Of the entries below, return only those lines from the line with "The pieces are" to the line with "Cool and personalized", exactly, both included.

- _Task inputs_:
- Opening Delimiter -

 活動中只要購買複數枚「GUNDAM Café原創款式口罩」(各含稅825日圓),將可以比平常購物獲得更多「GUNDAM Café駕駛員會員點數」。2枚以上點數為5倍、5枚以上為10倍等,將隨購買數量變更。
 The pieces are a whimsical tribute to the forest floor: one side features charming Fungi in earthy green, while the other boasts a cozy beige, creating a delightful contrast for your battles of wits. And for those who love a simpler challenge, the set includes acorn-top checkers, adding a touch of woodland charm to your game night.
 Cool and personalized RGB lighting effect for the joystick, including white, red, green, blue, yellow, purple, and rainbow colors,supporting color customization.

- Closing Delimiter -
- Opening Delimiter -

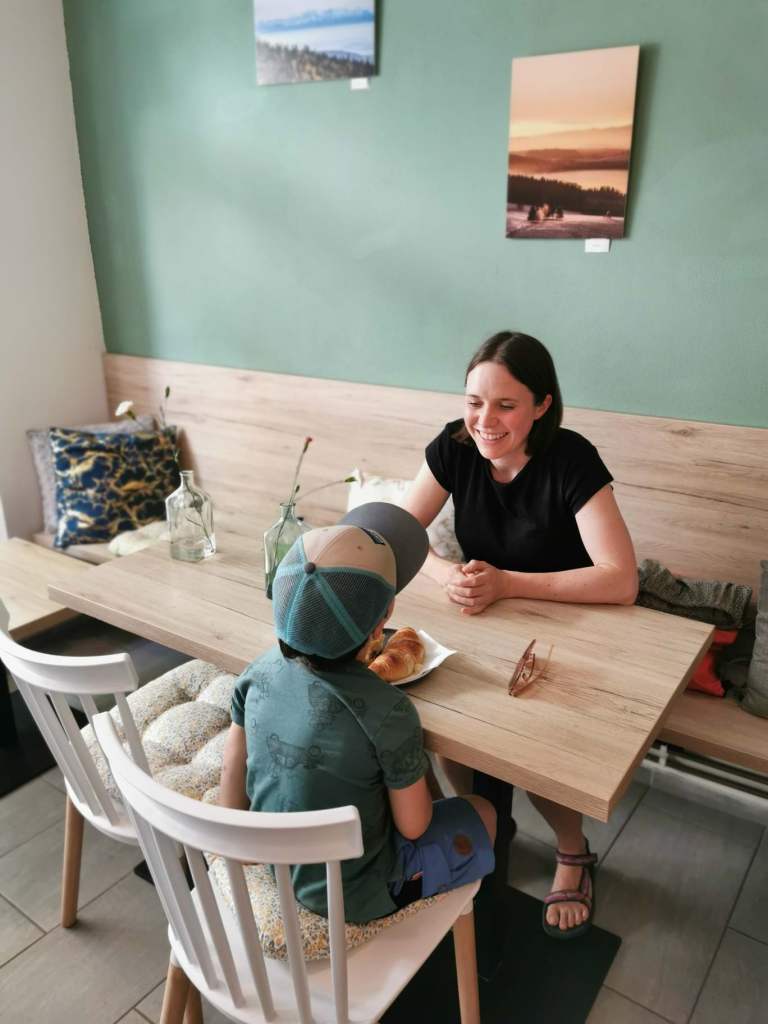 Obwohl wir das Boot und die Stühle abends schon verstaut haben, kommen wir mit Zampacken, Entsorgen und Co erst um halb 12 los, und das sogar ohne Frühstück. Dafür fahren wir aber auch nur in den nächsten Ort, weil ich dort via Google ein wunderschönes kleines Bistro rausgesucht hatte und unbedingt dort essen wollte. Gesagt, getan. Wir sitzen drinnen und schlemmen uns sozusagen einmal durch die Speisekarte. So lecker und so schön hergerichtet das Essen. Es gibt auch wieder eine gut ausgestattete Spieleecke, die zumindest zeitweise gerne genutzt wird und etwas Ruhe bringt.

- Closing Delimiter -

- _Written answer_:
 The pieces are a whimsical tribute to the forest floor: one side features charming Fungi in earthy green, while the other boasts a cozy beige, creating a delightful contrast for your battles of wits. And for those who love a simpler challenge, the set includes acorn-top checkers, adding a touch of woodland charm to your game night.
 Cool and personalized RGB lighting effect for the joystick, including white, red, green, blue, yellow, purple, and rainbow colors,supporting color customization.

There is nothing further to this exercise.